Assholes: A Theory of Donald Trump

assholes.jpgAaron James has written about assholes, people who regard themselves as above the rules and all-special. “If one is special on one’s birthday, the asshole’s birthday comes every day.” The asshole has three critical traits according to James. He — “he” because most assholes are men — (1) allows himself to enjoy special advantages and does so systematically, (2) does this out of an entrenched sense of entitlement, and (3) is immunized by his sense of entitlement against the complaints of other people.

In his new book, James explores why Trump, universally recognized as an asshole, is so likable and destabilizing:

“To sum up my answer: he keeps us guessing, by flashing between different asshole types, boorish one moment, self-aggrandizing the next, then bullshitting, all while managing to be very entertaining. In today’s politics, a showman can capture media attention and coffee shop chatting, along with the political agenda. And Trump is a stunning, even likable showman. His display of the asshole arts — as schoolyard bully, or cutdown boxer — is unrivaled, and its own spectacle. The question is then why enough of us are not flatly revolted. My answer is that we — most of us — really like an ass-clown. We are drawn to him even in revulsion, and his supporters forgive or overlook his transgressions. Our pleasure in the spectacle, and our confusion about his type, leave us unsettled in our feelings and him free to do pretty much as he likes.” (pp 53-54)

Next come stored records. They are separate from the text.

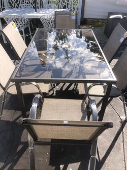 Outdoor Patio Tempered Frosted Glass NEW Table With 6 Outdoor Patio Aluminum Stackable Chairs $250Miramar, FL
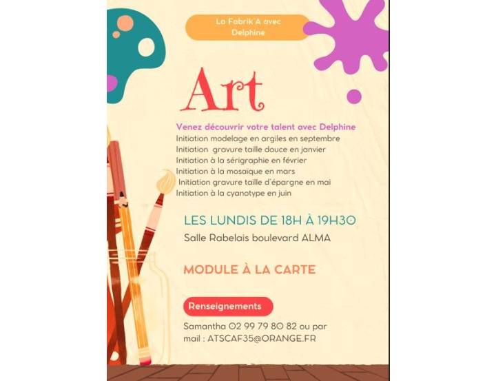 Par groupe de 6 ou 10 maximum Delphine va t'aider à t'exprimer à travers l'Art
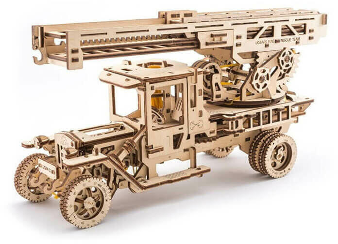 Az UGEARS világszerte sikeres, újszerű, prémium minőségű fa modelljei egy közösségi kampányból (Kickstarter) nőtték ki magukat és futottak be irigylésre méltó utat. Szemkápráztató, önmeghajtású famodelljei ragasztó nélkül összeszerelhetők. A termékek egyszerre tekinthetőek fajátéknak, modellnek és művészeti alkotásnak, melyek összerakás után szoborként akár méltó díszei lehetnek otthonunknak. A tűzoltóautó modell a legújabb konstrukciója a Ugearsnak, mely kormányozható első kerékkel, állítható és kihúzható létrával teszi még lenyűgözőbb élményét a modellezésnek. A mű részletgazdagsága és kidolgozása könnyedén magával ragad mindenkit. Koránt sem kezdőknek való modell, azonban a várható eredmény és élmény megéri a fáradtságot. Alkatrészek száma: 537 Az összeszerelés becsült ideje: 14-16 óra
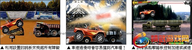 游戏操作:以滑鼠操作进行游戏,点击右下方的摇杆控制四驱车加速和减速。

How else to account for the love of Trump who flouts the values of the party he supposedly represents? It’s often said that Trump’s success owes to being an outsider who speaks against the failure of the two-party system, but the problem with that answer is that he would worsen the elements of that failure rather than reform it. James discusses the various political theories of republicanism (worker republicanism, corporation republicanism, left and right-leaning republicanisms, etc.), and summarizes the common denominators of “general republicanism” (see pp 119-20). They include tenets like (1) citizens are to be ruled by laws and not men or women; (2) state power is held in trust on people’s behalf; (3) officials are accountable to citizens, and their decisions must be justified in an open forum with free press, free speech, and free association; and (4) official speech is to appeal to common reason and not our passions. “Trump’s inflammatory and contemptuous speeches violate these principles. They sin, if you will, against a republican community of equals.”

If Trump is intent on torpedoing the values of a constituency who persist in voting for him anyway, this may be part of the answer: people actually like assholes, particularly in roles of leadership, and as long as we don’t have to deal with the asshole personally or directly. I suspect that populist demagogues speak to our inner asshole — the part of us which is gratified by egotistic privilege, disdains accountability, and wants to trample on the feelings and opinions of others.